I keep receiving an error when trying to randomSplit in pySpark.
I've added these dependencies:
#Step 1: Install Dependencies
!apt-get install openjdk-8-jdk-headless -qq > /dev/null
!wget -q https://archive.apache.org/dist/spark/spark-3.3.0/spark-3.3.0-bin-hadoop3.tgz
!tar xf spark-3.3.0-bin-hadoop3.tgz
!pip install -q findspark
#Step 2: Add environment variables
import os
os.environ["JAVA_HOME"] = "/usr/lib/jvm/java-8-openjdk-amd64"
os.environ["SPARK_HOME"] = "spark-3.3.0-bin-hadoop3"
#Step 3: Initialize Pyspark
import findspark
findspark.init()
Created the pySpark environment:
#creating spark context
from pyspark.sql import SparkSession
spark = SparkSession.builder.appName('lr_example').getOrCreate()
and added these:
# Import VectorAssembler and Vectors
from pyspark.ml.linalg import Vectors
from pyspark.ml.feature import VectorAssembler
from pyspark.ml.regression import LinearRegression
However, every time I run this:
final_df = output.select("features", "medv").show()

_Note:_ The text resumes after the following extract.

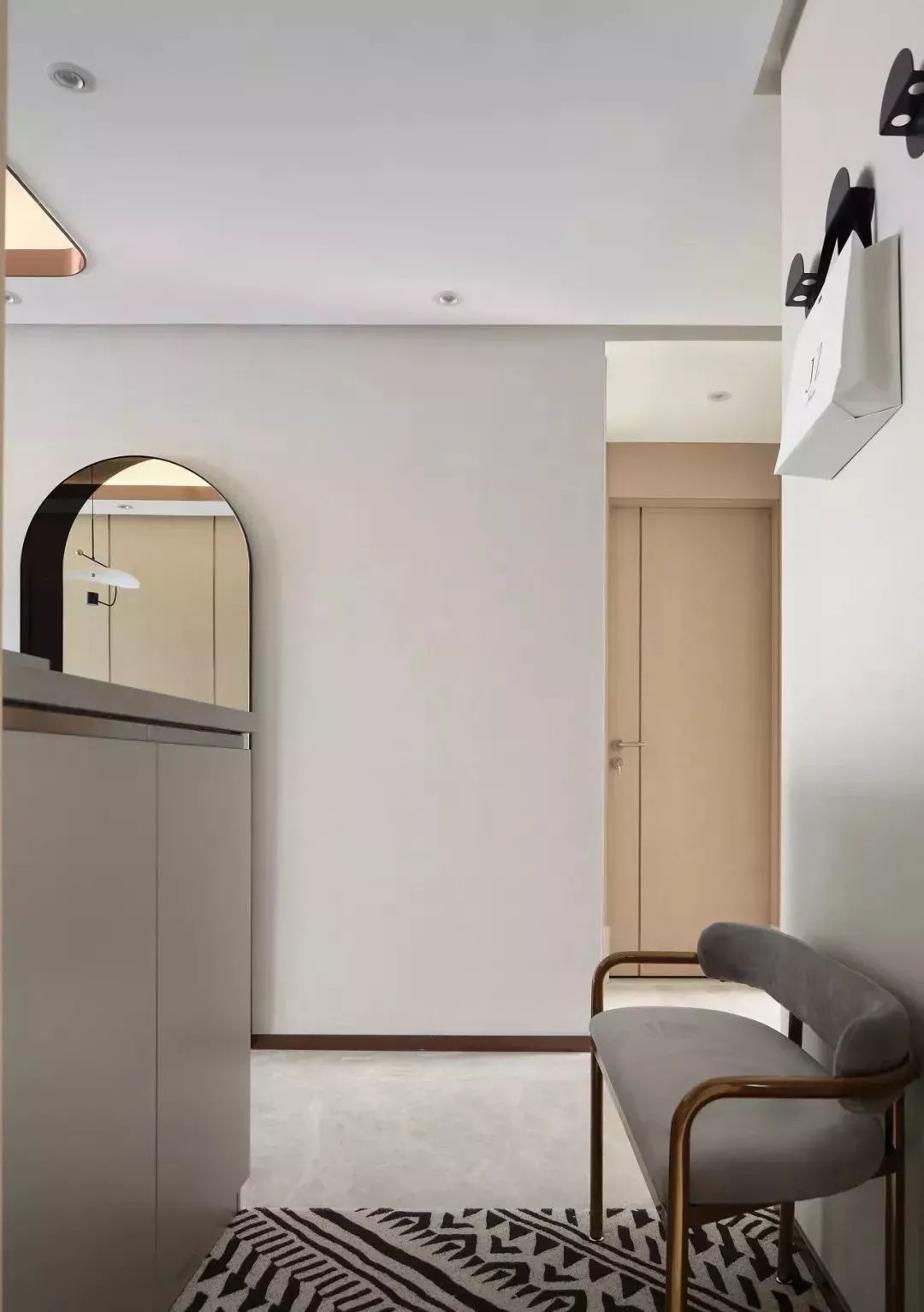 进门左手边是定制的鞋柜,灰色柜体搭配同色系石材台面,含蓄低调。地面灰色花纹地垫搭配金属腿换鞋凳,方便业主出行的同时又散发出独特的摩登气息。

train_data, test_data = final_df.randomSplit([0.7, 0.3])
I get this:
---------------------------------------------------------------------------
AttributeError Traceback (most recent call last)
<ipython-input-76-e27b8ca71b51> in <cell line: 1>()
----> 1 train_data, test_data = final_df.randomSplit([0.7, 0.3])
AttributeError: 'NoneType' object has no attribute 'randomSplit'
Any ideas? I searched around for what needs to be imported and it seems I have everything but it won't load. Link to Github doc
you left out the only important line
final_df = output.select("features", "medv").show()
show prints the results but returns None ... so you are setting final_df to none
instead
final_df = output.select("features", "medv") # create df
final_df.show() # print it